▸ THE TASK:
Reproduce every record verbatim but drop the pictures.

▸ SOURCE DATA:
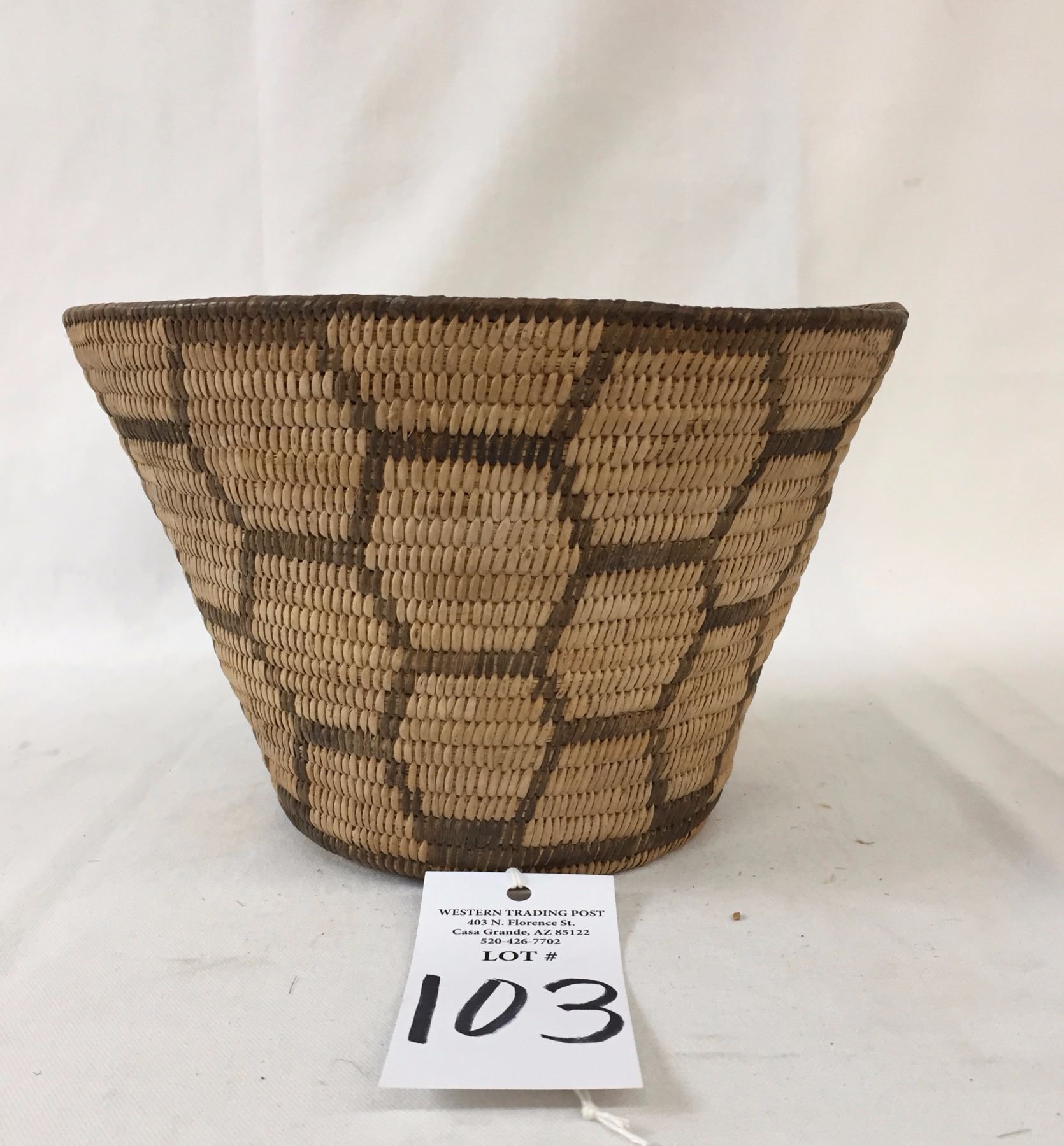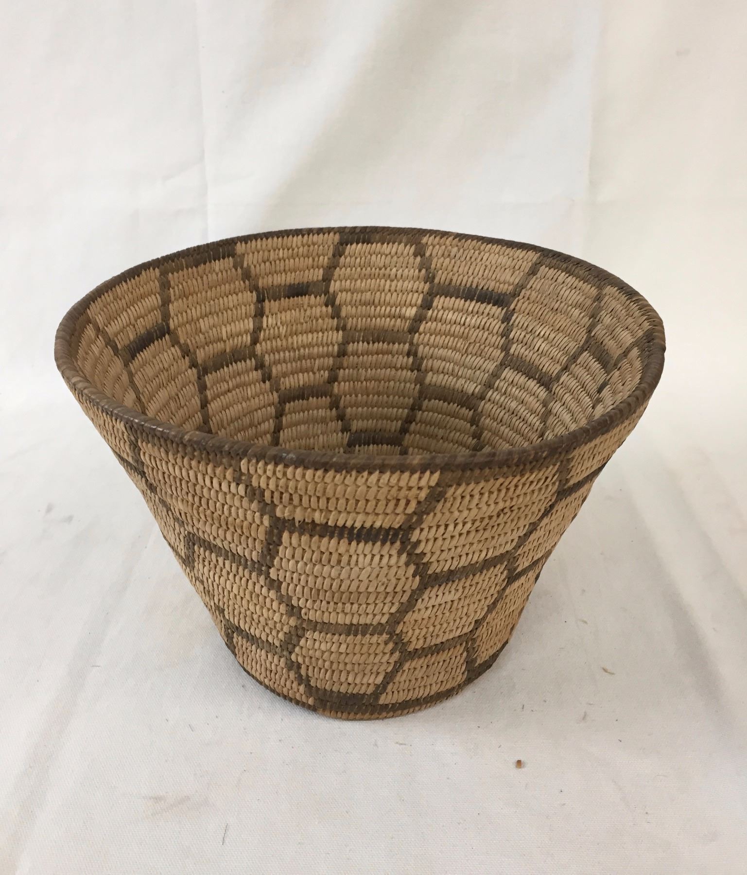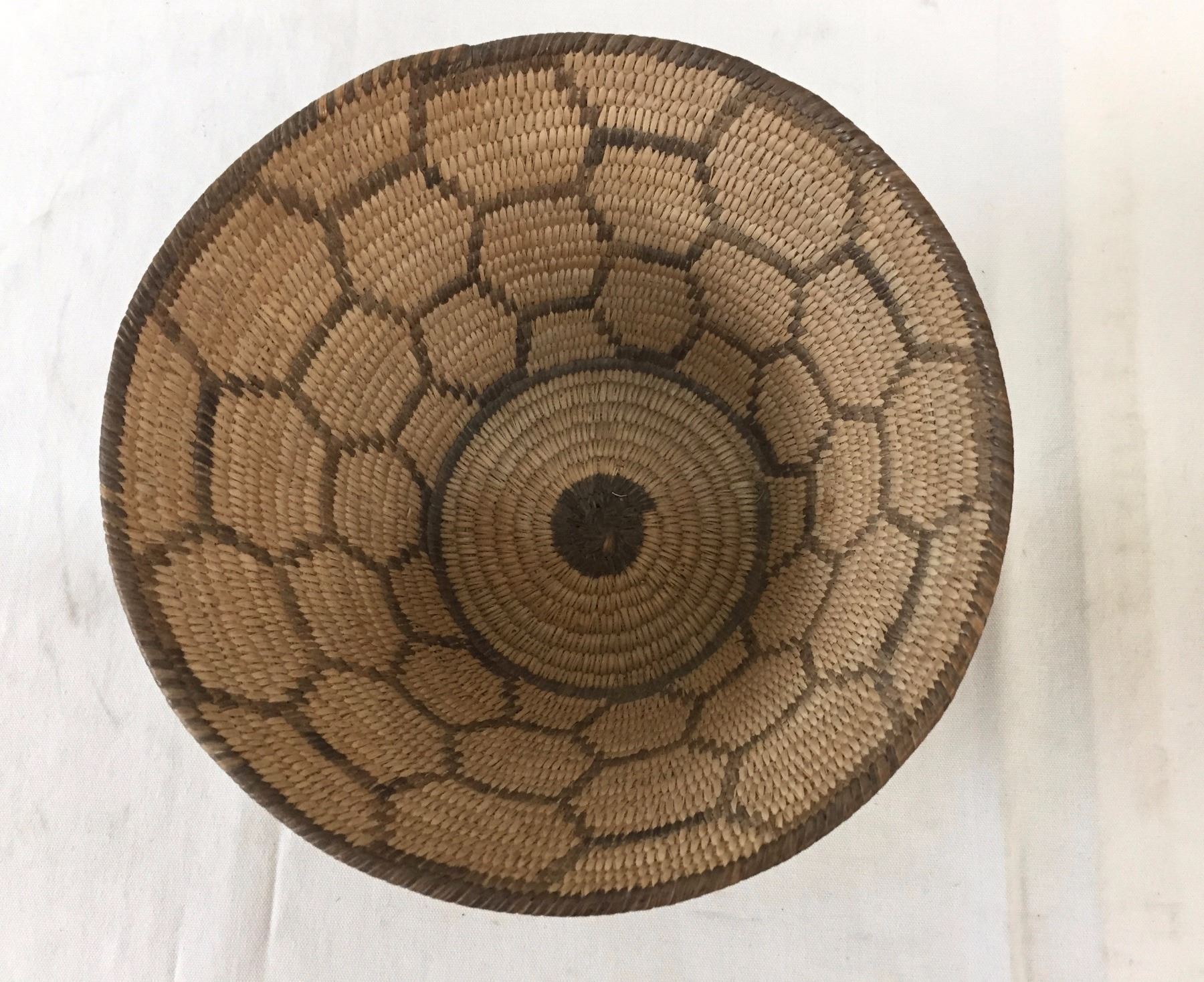 Description: A unique, antique pima basket with kind of a honeycomb looking design. Maker: Unknown Pima Artist. Approx. Age: Circa early 1900s. Size: 9-1/2”w x 6-1/4” tall. Condition: Pretty good for its age, normal wear and fading expected. Please look closely at the pictures - they are an important part of our description. Shipping: There will be a $7 handling / packaging fee for shipping this lot. The actual cost of postage will be added on top of that.
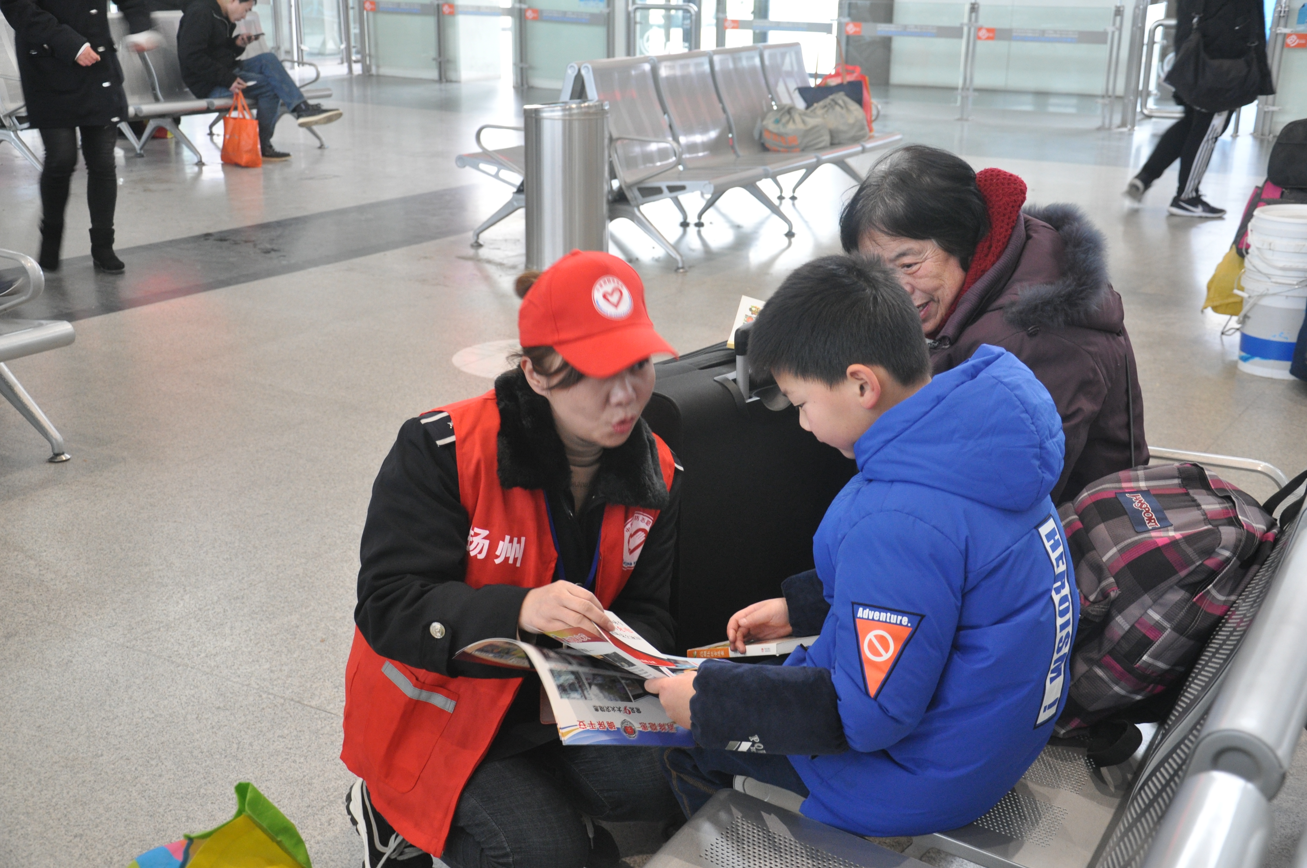 活動(dòng)現(xiàn)場(chǎng)提供了種類(lèi)繁多的書(shū)籍和春聯(lián),旅客們?cè)谛麄髋_(tái)前駐足,為孩子、親人或自己精心挑選,氣氛熱烈。活動(dòng)現(xiàn)場(chǎng)還安排了揚(yáng)汽集團(tuán)志愿者向來(lái)往旅客進(jìn)行消防安全知識(shí)的宣傳和講解。
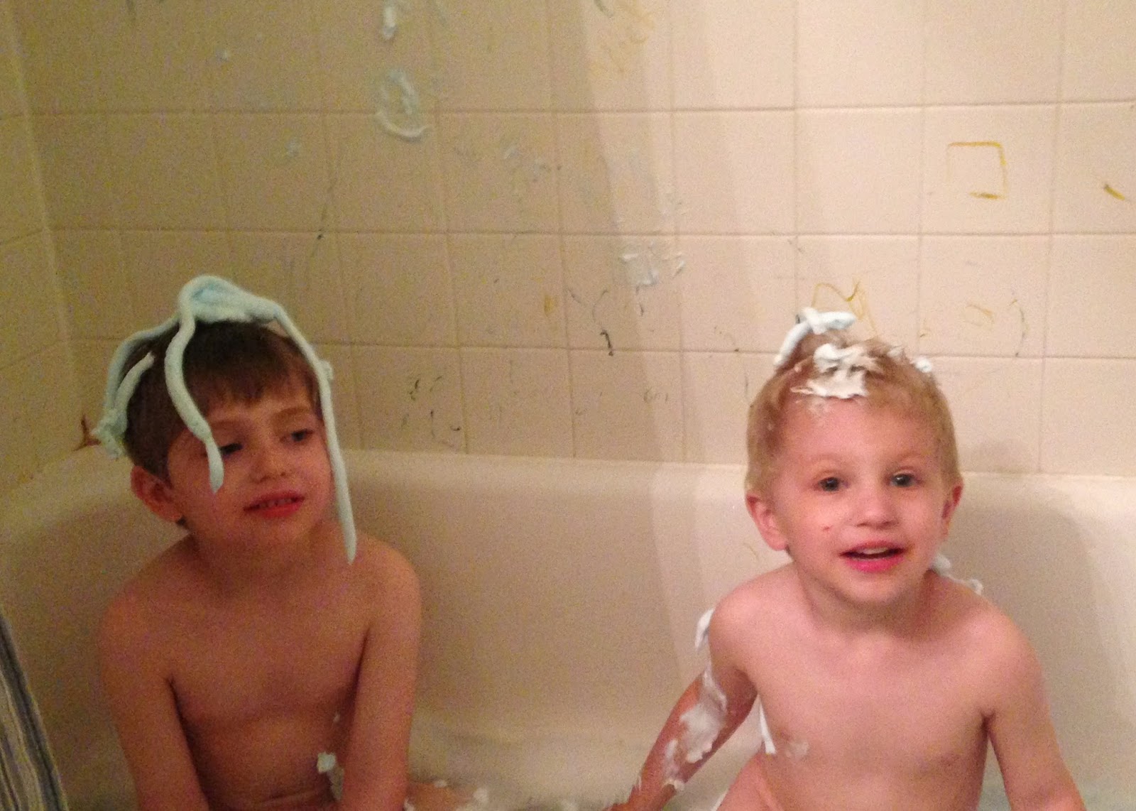I really wish we had a fence. At my mom's house, we could just sit and watch the boys run around and play with little effort expended on safety. At home, I feel like we're always dealing with one kid running too far (toward the pond or the street) or somebody sneaking into the garage and bringing out something random.
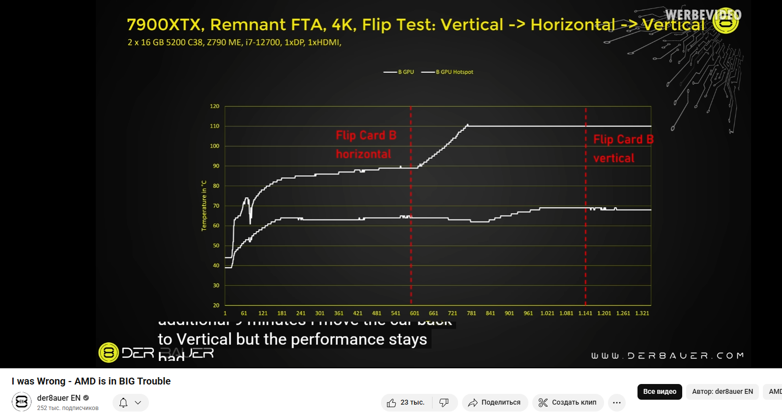 >>7468204 Лол, короче начал гуглить твою хуйню и оказалось всё наоборот вапор чембер НЕ работает при стандартном расположении(горизонтальном), зато работает при вертикальном На 7900XTX массовый брак был с этим, когда карты горели 110 градусов из коробки У дербауэра даже видео есть
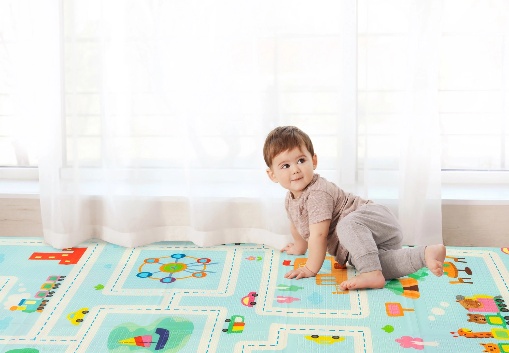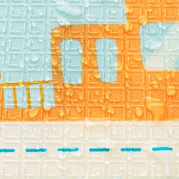 Tykt, elastisk og ikke‑giftigt XPE-skum dæmper effektivt fald, isolerer mod kulde fra gulvet og er lugtfrit. Overfladen er vandtæt og let at rengøre.
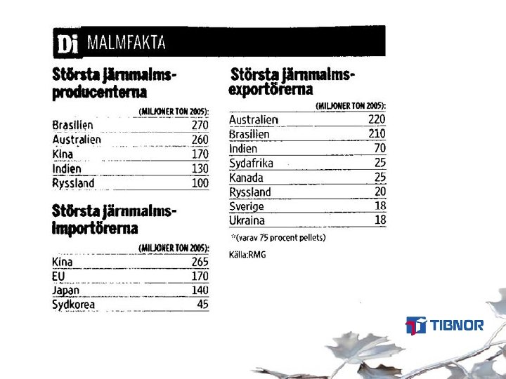 Kinafaktorn • 2003 importerade Kina 148 Mton järnmalm +30% mot 2002 • 50% av behoven av järnmalm importeras • 2004 -2006 beräknas produktionskapaciteten öka 90 Mton!

▸ ANSWER SPACE:
 Description: A unique, antique pima basket with kind of a honeycomb looking design. Maker: Unknown Pima Artist. Approx. Age: Circa early 1900s. Size: 9-1/2”w x 6-1/4” tall. Condition: Pretty good for its age, normal wear and fading expected. Please look closely at the pictures - they are an important part of our description. Shipping: There will be a $7 handling / packaging fee for shipping this lot. The actual cost of postage will be added on top of that.
 活動(dòng)現(xiàn)場(chǎng)提供了種類(lèi)繁多的書(shū)籍和春聯(lián),旅客們?cè)谛麄髋_(tái)前駐足,為孩子、親人或自己精心挑選,氣氛熱烈。活動(dòng)現(xiàn)場(chǎng)還安排了揚(yáng)汽集團(tuán)志愿者向來(lái)往旅客進(jìn)行消防安全知識(shí)的宣傳和講解。
I really wish we had a fence. At my mom's house, we could just sit and watch the boys run around and play with little effort expended on safety. At home, I feel like we're always dealing with one kid running too far (toward the pond or the street) or somebody sneaking into the garage and bringing out something random.
 >>7468204 Лол, короче начал гуглить твою хуйню и оказалось всё наоборот вапор чембер НЕ работает при стандартном расположении(горизонтальном), зато работает при вертикальном На 7900XTX массовый брак был с этим, когда карты горели 110 градусов из коробки У дербауэра даже видео есть
 Tykt, elastisk og ikke‑giftigt XPE-skum dæmper effektivt fald, isolerer mod kulde fra gulvet og er lugtfrit. Overfladen er vandtæt og let at rengøre.
 Kinafaktorn • 2003 importerade Kina 148 Mton järnmalm +30% mot 2002 • 50% av behoven av järnmalm importeras • 2004 -2006 beräknas produktionskapaciteten öka 90 Mton!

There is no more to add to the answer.